Judges at the event include: Oludolapo Adigun, Group Head, Retail Banking Lagos & West First Bank of Nigeria Limited; Chidimma Juliana Okparah, Project Management Consultant (PMIEF); Sheila Ojei, Head of Communications Jobberman; Gbenga Sesan, Executive Director of Paradigm Initiative and Simbo Olatoregun, Policy Programs Manager for Facebook in Africa. In attendance also is the Honourable Commissioner for Education Lagos State, Mrs. Folashade Adefisayo as a Special Guest.
The 2021 National Company of the Year Program will also feature SPARK Competition. SPARK as an initiative of First Bank of Nigeria Limited, is an acronym for Start Performing Acts of Random Kindness. SPARK reiterates the Bank’s commitment to institutionalise kindness in Nigeria by encouraging and amplifying a culture of kindness.
The SPARK competition will feature 15 finalist schools across Nigeria, whose CSR projects align with the Bank’s Corporate Responsibility and Sustainability pillars of Education, Welfare and Health, Financial inclusion and Responsible Lending and Procurement.

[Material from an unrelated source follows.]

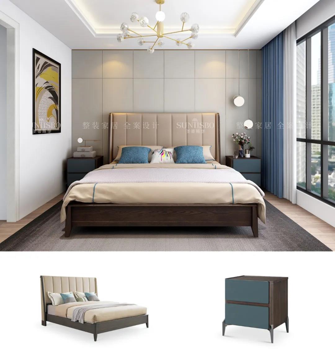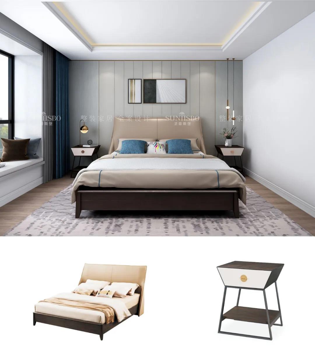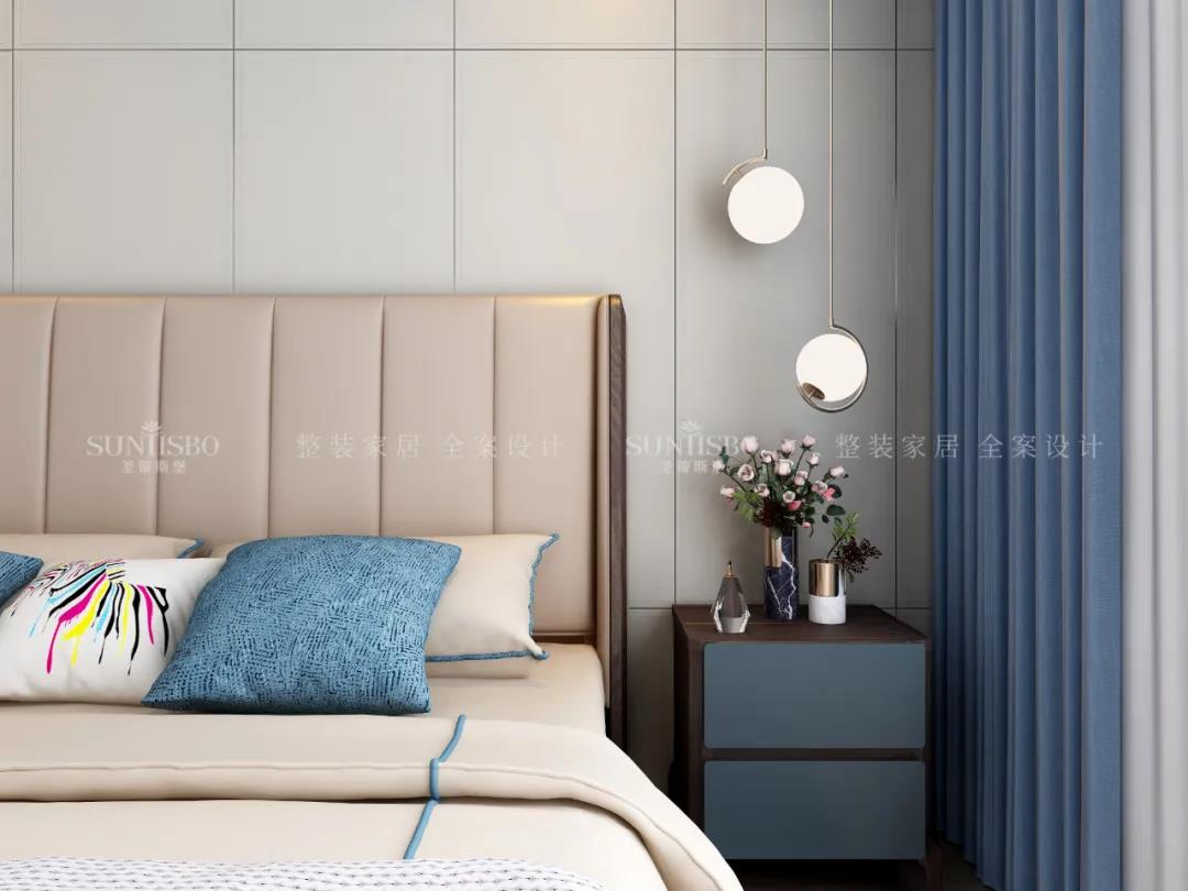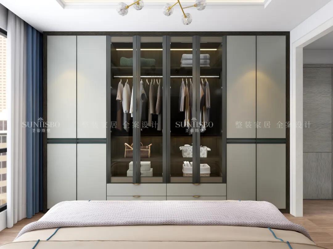 設(shè)計(jì)師運(yùn)用最為百搭淺灰實(shí)木護(hù)墻板打造主臥空間,簡(jiǎn)約的線條縱橫交錯(cuò),帶來(lái)了干凈、清爽、舒適的視覺(jué)效果。明暗分區(qū)的衣柜在燈光的渲染下,虛實(shí)光影變換其中,為每個(gè)角落氤氳出浪漫的氣息。

Speaking on the event, the Group Head, Marketing & Corporate Communications, Folake Ani-Mumuney said “FirstBank’s partnership under its Future First initiative with JA Nigeria Company programme has positively impacted over 100,000 people in different locations across the country in preparing and teaching them how to generate wealth, effectively manage it and how to apply entrepreneurial thinking to the workplace. Our commitment to fostering entrepreneurial development amongst youths is mainly the driving force behind our support of the National Company of the Year (NCOY) and Africa Company of the Year (ACOY) competitions in past 11 years”.
According to the Executive Director, JAN, ‘’the National Company of the Year Company competition provides our students with a platform to show how innovative they are while displaying their dexterity and grit especially as it relates to creating sustainable business solutions to problems in their immediate community. The students have learned critical skills during the implementation of the Company Programme and we are proud to celebrate them as they compete in the National competition. I would like to specially appreciate FirstBank Nigeria for their continued support and belief in the boundless potential of young Nigerians’’.